It is known that when the dimension of predictor vector is much larger than the sample size, ranking and screening have been proved to be useful for dimension reduction under the situations where models are specified correctly and the true model structures are relatively simple, such as linear structure and generalized linear structure. This type of approaches is about feature screening or marginal utility screening. Fan and Lv (2008) first introduced sure independence screening (SIS) and iterated sure independence screening (ISIS) in the context of linear regression models; Fan et al. (2009) and Fan and Song (2010) extended the SIS and the ISIS to handle generalized linear models; Fan et al. (2011) developed the nonparametric independence screening (NIS) for nonparametric models with additive structure. For more related methodologies see Xue and Zou (2011), Zhu et al. (2011), Li et al. (2012), Wang (2012), Zhao and Li (2012), Lin et al. (2013) and Chang et al. (2013), among others.

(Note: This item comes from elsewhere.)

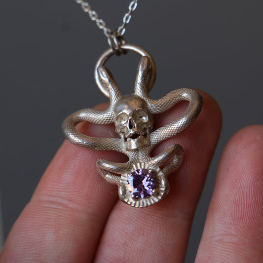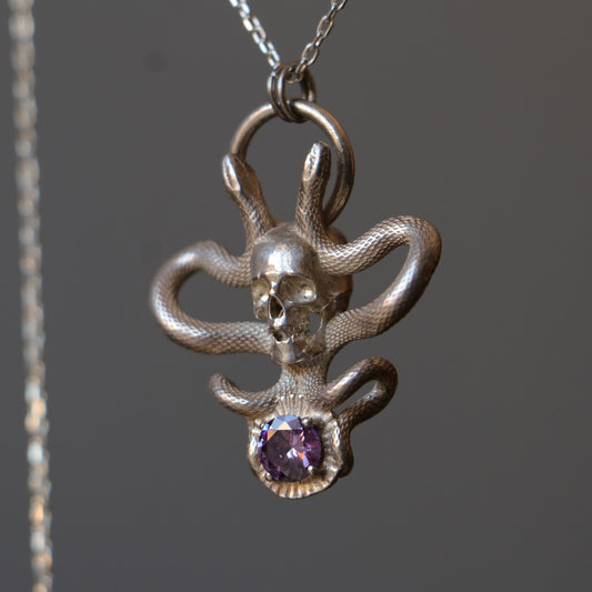 Memento Mori and Snake Amethyst Necklace
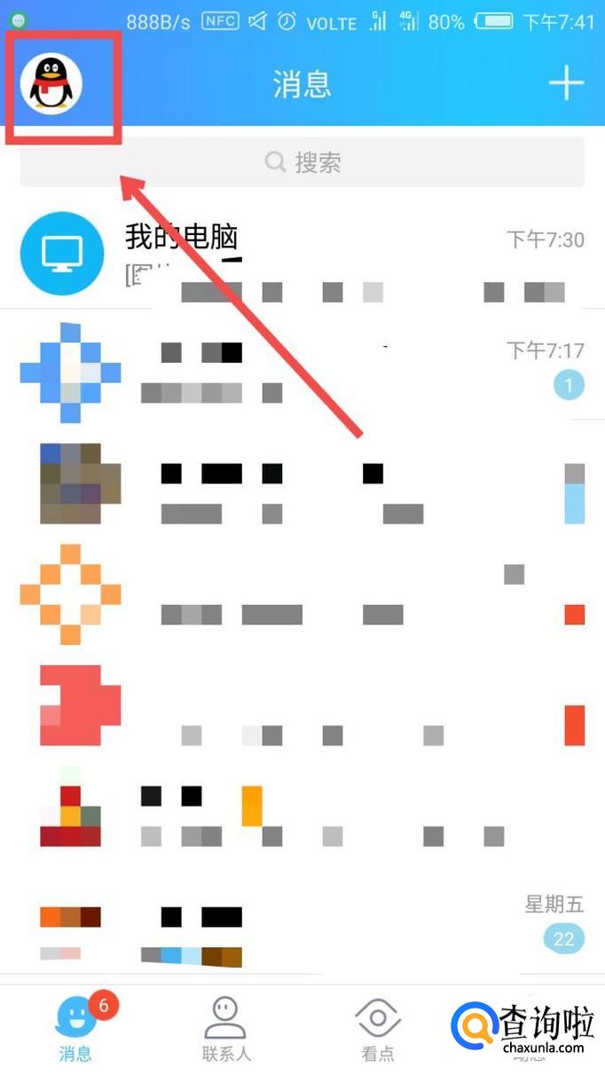 首先我们打开手机QQ,在界面左上角找到你个人的头像,点击进入。

All the feature screening methods aforementioned are based on a common condition: the true model structures are specified accurately. Of course the performances of these methods critically depend on the belief that the models under study are equal to or at least are close to the underlying models. When the supposed structures are far from the underlying ones, however, their behaviors may become poor. To develop robust feature screening against model misspecification, Zhu et al. (2011) proposed a sure independent ranking and screening (SIRS). Their proposal can be available for a wide range of commonly used parametric and semiparametric models. Thus theirs could be thought of as a model-free method. Lin et al. (2013) proposed a nonparametric ranking feature screening (NRS) through local information flows of the predictors, by which the function-correlation between response and predictors can be captured successfully, without any model structure assumption. Li et al. (2012) proposed a distance correlation-based sure independence screening (DC-SIS). This is a model-free approach as well. Recently, He et al. (2013) introduced a quantile-adaptive model-free variable screening for high-dimensional heterogeneous data, such an approach allows the set of active variables to vary across quantile and thus make the variable selection more flexible to accommodate heterogeneity.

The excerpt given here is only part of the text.